Платонов инстинктивно посмотрел на свои ноГи.
– А ведь вы, Аристарх Антонович, давали подписку о невыезде. И говорили мне хорошие слова об интеллигентности. Вы знаете, что по моему, милицейскому, разумению отличает человека интеллигентного? Чувство порядочности.
– Корнилов смотрел, как розовеют большие, чуть оттопыренные уши Платонова.

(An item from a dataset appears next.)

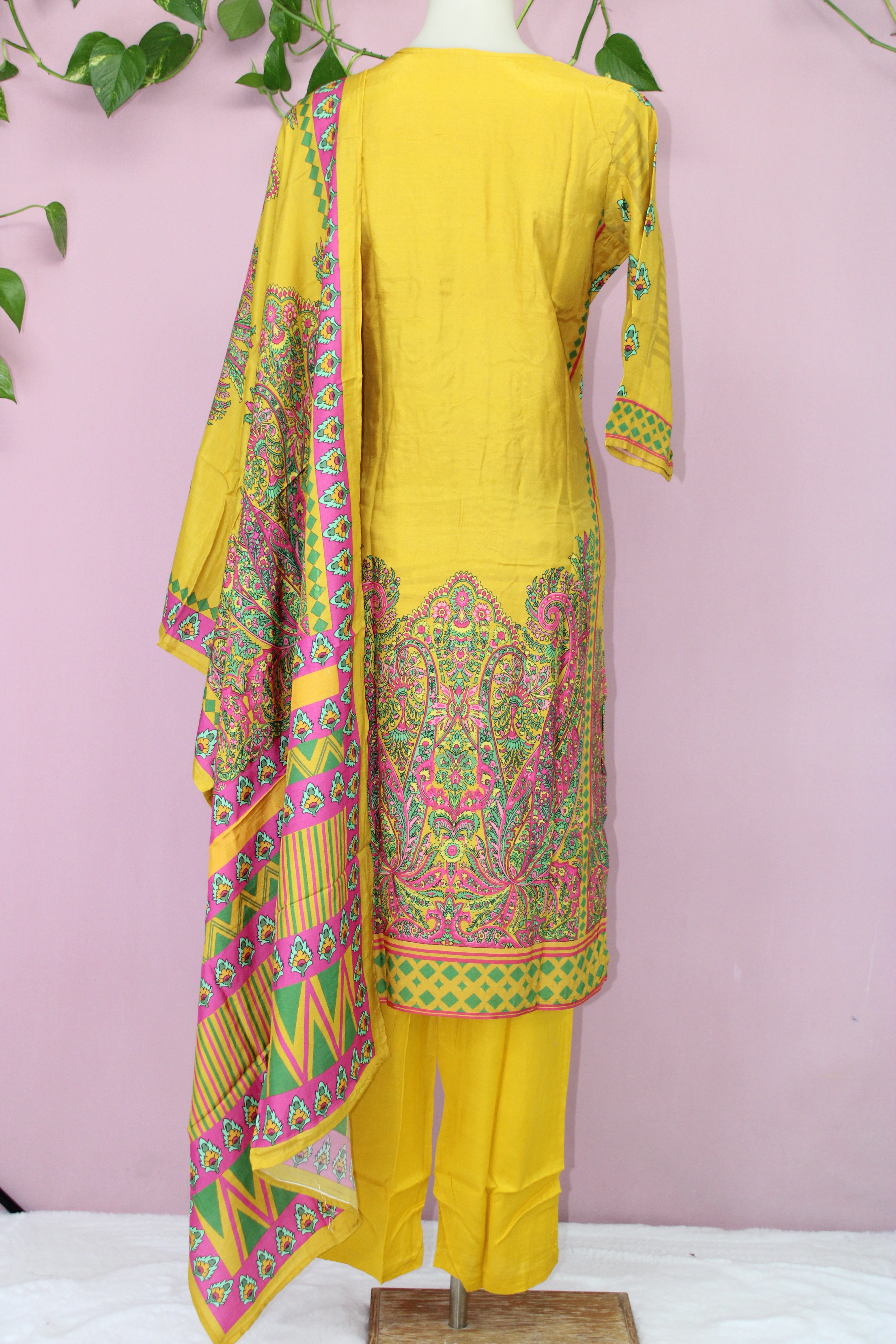 Paired with a digitally printed muslin dupatta, this outfit exudes timeless charm and effortless grace. The matching pants feature an adjustable waist and practical pockets, combining style with everyday convenience.
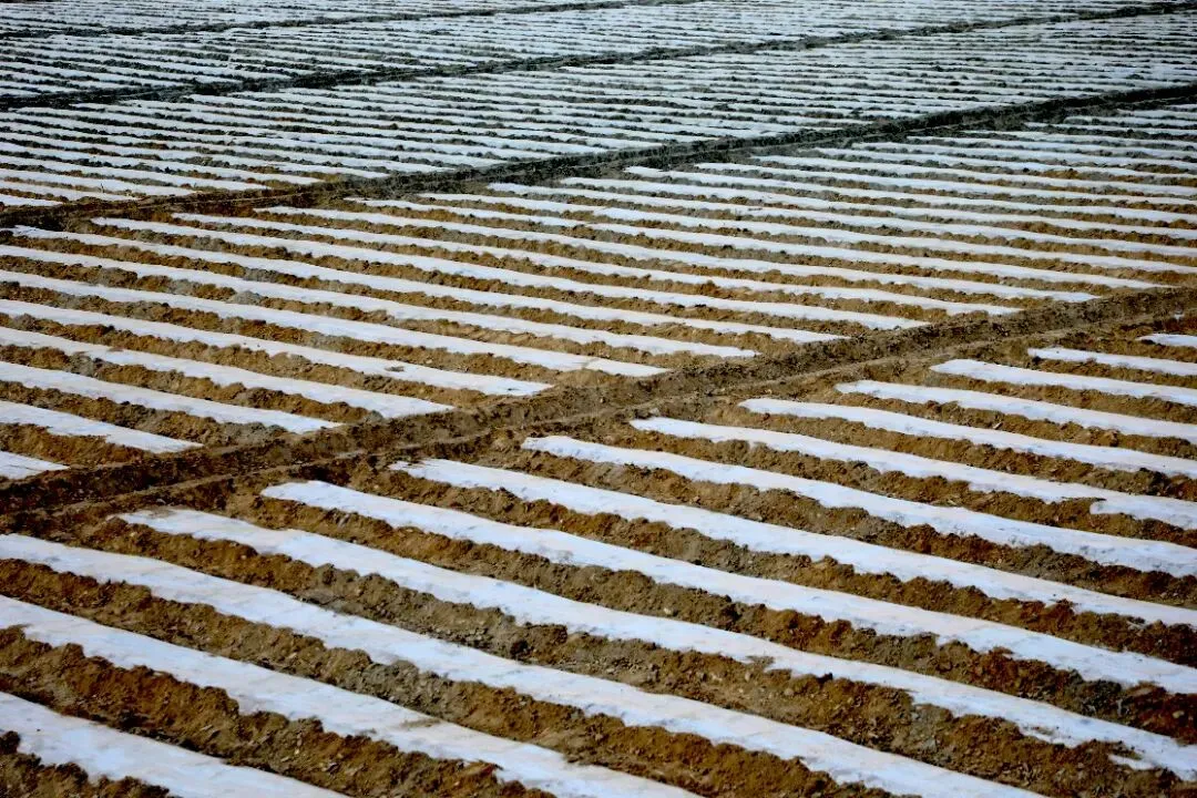▲整齐的地膜在田间铺展,为新一季作物积蓄温度。

– То, что вы написали, я сейчас даже и смотреть не буду. Чтобы не ставить вас в неловкое положение. Мы вас задерживаем. По закону имеем право на семьдесят два часа. До того, как предъявлено обвинение. А новое объяснение я хотел бы получить от вас через час. Успеете?
Платонов кивнул.
Когда его увели, Корнилов вызвал секретаршу:
– От Бугаева нет сообщения?
– Нет, Игорь Васильевич.
– Тогда попроси зайти Белянчикова.
Вся история с погибшим в Орлинской церкви мужчиной получила неожиданный и зловещий поворот. Вначале Игорю Васильевичу казалось, что достаточно найти точки соприкосновения Николая Михайловича Рожкина, убитого из найденного у Барабанщикова пистолета, и самого Барабанщикова, как все станет ясно. Отыщутся скрытые пружины убийства, найдутся люди, знавшие обоих, скрестятся интересы. Но обернулось все по-иному. Существовал еще один человек, решительный и осторожный одновременно, и потому вдвойне опасный, человек, которому не хотелось, чтобы милиция обыскивала дом Барабанщикова, копалась в его вещах. А может быть, это какой-нибудь маньяк или проходимец вроде Аристарха Антоновича? Человек, который решил уничтожить коллекцию погибшего? Чтобы не досталась ни государству, ни родственникам. Решился ведь Платонов залезть в чужой дом за иконами. Корнилов посмотрел на часы - приближался полдень. Подполковнику не терпелось поскорее узнать, что выходил в Парголове Бугаев, хотя он и подозревал, что никакой сенсационной информации капитан не привезет. Все там проделано опытной рукой.
– Ну что? Пишет ученый?
– спросил Игорь Васильевич у Белянчикова, когда тот вошел в кабинет.
– Пишет. Почерк, я вам скажу, у него каллиграфический. Нам бы его на полставки протоколы оформлять.
– А по мне, так следовало ему в колонии месяцев шесть стенгазету выпускать "Солнце всходит и заходит", - проворчал Корнилов.
– Только ничего ему не будет. Скорее всего он действительно свои иконы с Озерной унес.
– Чьи бы ни были, а выходит, что он их спас, - сказал Юрий Евгеньевич.
– Сгорели бы они за милую душу.
– Это ты, Юрий Евгеньевич, правильно заметил, - усмехнулся подполковник.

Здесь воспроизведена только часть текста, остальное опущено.